Pricing of Non-Life Insurance Products

More Info


A medium size Dutch insurance company with third-party car insurance products initiated questions on whether the premium can be based on a statistical analysis where the expected future liabilities are taken into account. These questions are as follows:
• Which statistical models can be used to base the premiums on expected future liabilities?
• Are there enough data available to predict future liabilities accurately enough?
• How can the ’best’ model be chosen?
• How can the models be implemented?
• What are the results when using these models for the third-party car products?
After a practical introduction about insurances in society, the thesis starts with theory that can be used to answer the research questions. This analysis showed that generalized linear models are very useful models for the pricing of non-life insurance products. However, there are some disadvantages to these models which could be avoided by other models, such as hierarchical generalized linear models.

We will explore several methods to determine if enough data is available to obtain credible enough estimates.

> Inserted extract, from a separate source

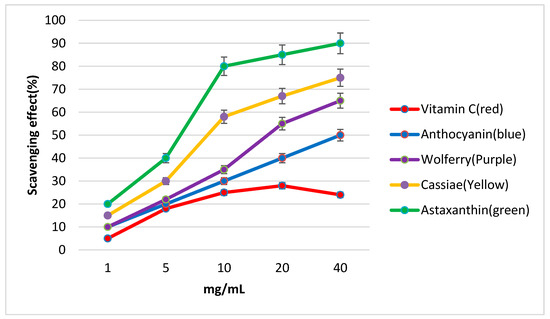 The DPPH method was used to assess the antioxidant properties of cassiae semen, wolfberry, astaxanthin, anthocyanins, and vitamin C. DPPH (2,2-diphenyl-1-picrylhydrazyl) is a stable free radical commonly used in antioxidant studies [30]. Test materials were prepared at concentrations of 1, 5, 10, 20, and 40 mg/mL in methanol. Samples were mixed with Tris-HCl buffer and DPPH-ethanol solution and incubated for 30 min. Absorbance at 517 nm was measured to calculate the scavenging effect (%) using the following equation: Inhibition (%) = [(Absorbance of Control − Absorbance of Test Sample)/ Absorbance of Control] × 100.The results were plotted with concentration on the x-axis and scavenging effect (%) on the y-axis [31].

One of these methods can be applied before implementing a generalized linear model.

Choosing the ’best’ model is a non-trivial subject. Several statistical tests to choose which risk factors should be included in the model and how they should be included are discussed. These include tests for adding risk factors as random or fixed effects, but also which definition of an risk factor should best be used. This includes whether they should be added as a variate, as a factor or added dynamically. In addition, several statistical methods to choose the distribution that has the ’best’ fit for the observations for both the number of claims and the losses are discussed. These include graphical comparison methods, but also hypothesis testing.

To answer the question how the models can be implemented, we will use the statistical programming language R. Algorithms that are used by some packages to calculate the estimates of the models are discussed, as well as several features of these algorithms. Codes are provided in the supplementary section of the thesis.

Next, a statistical analysis is performed for the third-party car products of the insurance company. The performed theoretical analysis is applied in practice on the available data, and unknowns were calculated. Then an analysis is performed to determine which distribution ‘best’ fits the number of claims and which distribution ‘best’ fits the losses. The data was subdivided into several risk factors, such as age and region, and was analyzed again. A generalized linear model with a Poisson and log-link assumption was implemented for the number of claims, and a generalized linear model with a Gamma and log-link assumption was implemented for the losses. How and if the risk factors should be added was evaluated using a bottom-up approach. Initially, the models were applied without allowing interaction between risk factors, and subsequently the models were applied again, this time allowing interaction between risk factors to determine if this improved the models.

Other models that may lead to a better fit for the data are also implemented. These include generalized linear mixed models, which do not assume that the observations are independent and assume a Normal distribution for the risk factors that are added as random effects. Also, a pure premium model in which the Tweedie family is used was applied.

The study showed that the preferred models to calculate the pure premium are a generalized linear model with Negative Binomial and log-link assumption for the number of claims and a generalized linear model with Gamma and log-link assumption for the losses. Due to overdispersion of the observations for the number of claims, the Negative Binomial proved to be a better choice of distribution leading to a better fit of the model for the number of claims. The Normal and Pareto distribution were too symmetric and too right-skewed for the observations, respectively. The pure premium model showed a worse fit, when compared to the model for the number of claims. Furthermore, the effect of the risk factors on the risk profile of a risk group were very clear when a two-stage regression approach was used. The hierarchical models were not better models, because the estimates were less accurate.

The results for the different models were then compared with the currently used pricing system of the company and the expected outcomes of the data analysis. This leads to recommendations for the insurance company, including recommendations for pricing in general but also specific recommendations for the pricing system of the third-party insurance product.

The full thesis contains confidential information, therefore, a public version was provided in which the insurance company is anonymous. The full thesis was made available to the thesis committee.